After a year of permit driving my daughter turned 17 and on her birthday, full of anticipation, went to the DMV to finally earn that most liberating article of identification; a driver’s license.
She returned home devastated.  She had brushed a cone parallel parking and flunked her test.  
In a year of supervised driving with me, we had never parked on the side of a street.  There was just never a need.
Her twin brother immediately panicked.  He was to take his test the following week.
You see, I had forgotten that parallel parking is the nemesis of drivers everywhere.  Even experienced drivers.  But in particular, the uncomfortable act strikes fear into nervous teenagers driving with clipboard-carrying DMV officials for the first time. 
“Why do I need to parallel park anyway?” my daughter asked frustrated.  “I can just park in a garage or a lot somewhere.  And if it is still far away from where I need to go, I’ll just Uber.”
Granted we don’t live in a dense urban area where street parking is the only option, but parallel parking is still a driving skill that must be learned.  And when you live in a city, it is a skill which must be mastered.

And the only way to learn it is to do it.  Many times.  And the only way to master it is to do it even more times.
“Back when I was your age I had to parallel park a stick shift on the streets of San Francisco,” I told them.   “It was uphill, both ways,” I added just for fun.  
Actually, when I earned my license I lived in the suburbs of Chicago where there were wide open streets and no hills.  But I didn’t tell them that.
Because after college I did have to parallel park many times on the hills of San Francisco where I was then working.  At the time I was sheepishly driving a four-speed exploding Pinto that I often needed to back into tight, street-side parking spaces working the brake, the clutch, and the gas all at once.  This is hard with only two feet.
I learned a trick.  I called it kissing the bumper.  When backing into a spot downhill I would gently rest my car against the vehicle behind allowing me to take my foot off the brake and work the clutch and gas to slither forward.  
I used this trick when no one was watching and hoped the car behind had the emergency brake engaged.  But given that I was driving a car known to explode on rear impact, this probably wasn’t the best idea, even if it worked well.  
Many years later I lived in Manhattan where the only affordable parking options were on the street.  I had long since graduated from my exploding Pinto into a much nicer sedan.  
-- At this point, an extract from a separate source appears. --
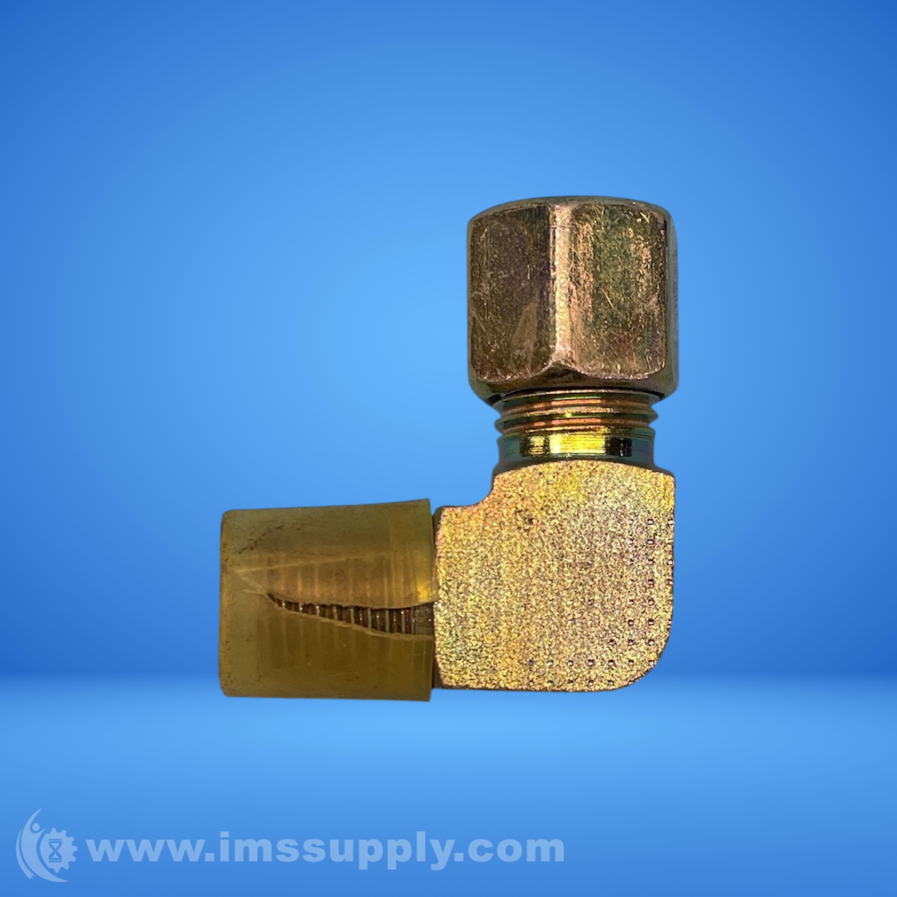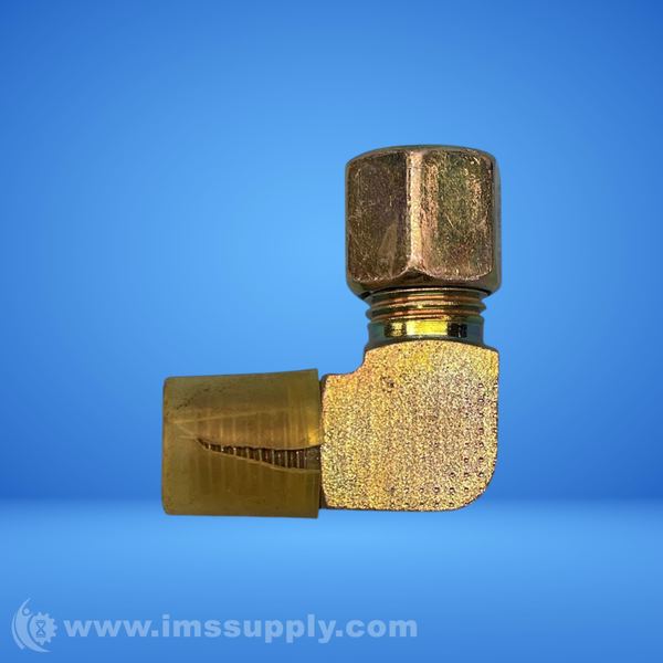 90 degree brass compression fitting with threaded connection and compression nut

In the city I zoomed around blocks of one way streets stealthy competing with other motorists for any open spot that did not reveal a fire hydrant.  
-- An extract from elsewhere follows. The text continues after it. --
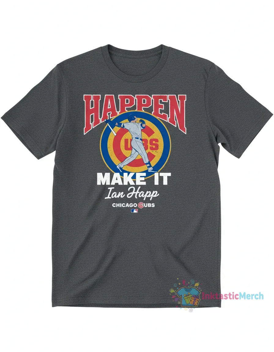 Show your unwavering support for the Chicago Cubs and star player Ian Happ with this exclusive ‘Make It Happen’ signature t-shirt. This premium tee is designed for dedicated fans who want to celebrate Ian Happ’s impactful presence on the field and his iconic slogan. Perfect for game days, casual wear, or as a standout piece in your baseball memorabilia collection, this shirt embodies the spirit of Cubs baseball and Ian Happ’s journey. It’s more than just apparel; it’s a statement of fandom and appreciation for one of the team’s key players.

By necessity I learned to squeeze my car into the tightest of spaces.  Pull up.  Look back, left shoulder, right shoulder.   Turn sharply . . . now!  Back in at an angle and start reversing the wheel the other way.  Slither back and forth like a falling leaf.  Kiss the bumper in back.  Kiss the bumper in front.  Stop somewhere in the middle with inches to spare.  
And then I would check the hidden street signs to see when I had to come back to move the car again.  I got a lot of experience.
But here and now it was time to quickly share this experience with my kids in one easy-to-learn parallel parking lesson.
This is when I realized that parallel parking is an art, not a science.  Big cars, little cars, long cars, short cars, tight spaces, wide spaces, high visibility, low visibility.  There is no fast and hard rule that works in all situations.
But the object was not to teach my kids how to parallel park among real live cars parked on real live streets.  No, the object was to teach my kids how to pass their test by parking between plastic cones placed reasonably far apart.  
There would be plenty of time to really learn how to parallel park once they got their licenses.
With some rough guidance on where to look and when to turn the wheel, I let my kids practice parking between orange cones in front of our house.  Since they couldn’t see the low markers I stood alongside the cones so they could better see. 
Let me tell you, the very definition of trust is to stand in the middle of the street while your child in backing in around you.  It could be as stupid as exercising the back bumper of an exploding Pinto on a hill in San Francisco. 
But after an hour or so they were both comfortable maneuvering the car and ready to take their tests
They passed easily.
And nervously, I wrote a big check to the insurance company as they asked for the car keys to start driving and parking on their own.
Dad?  Tell us again how you kiss the bumper?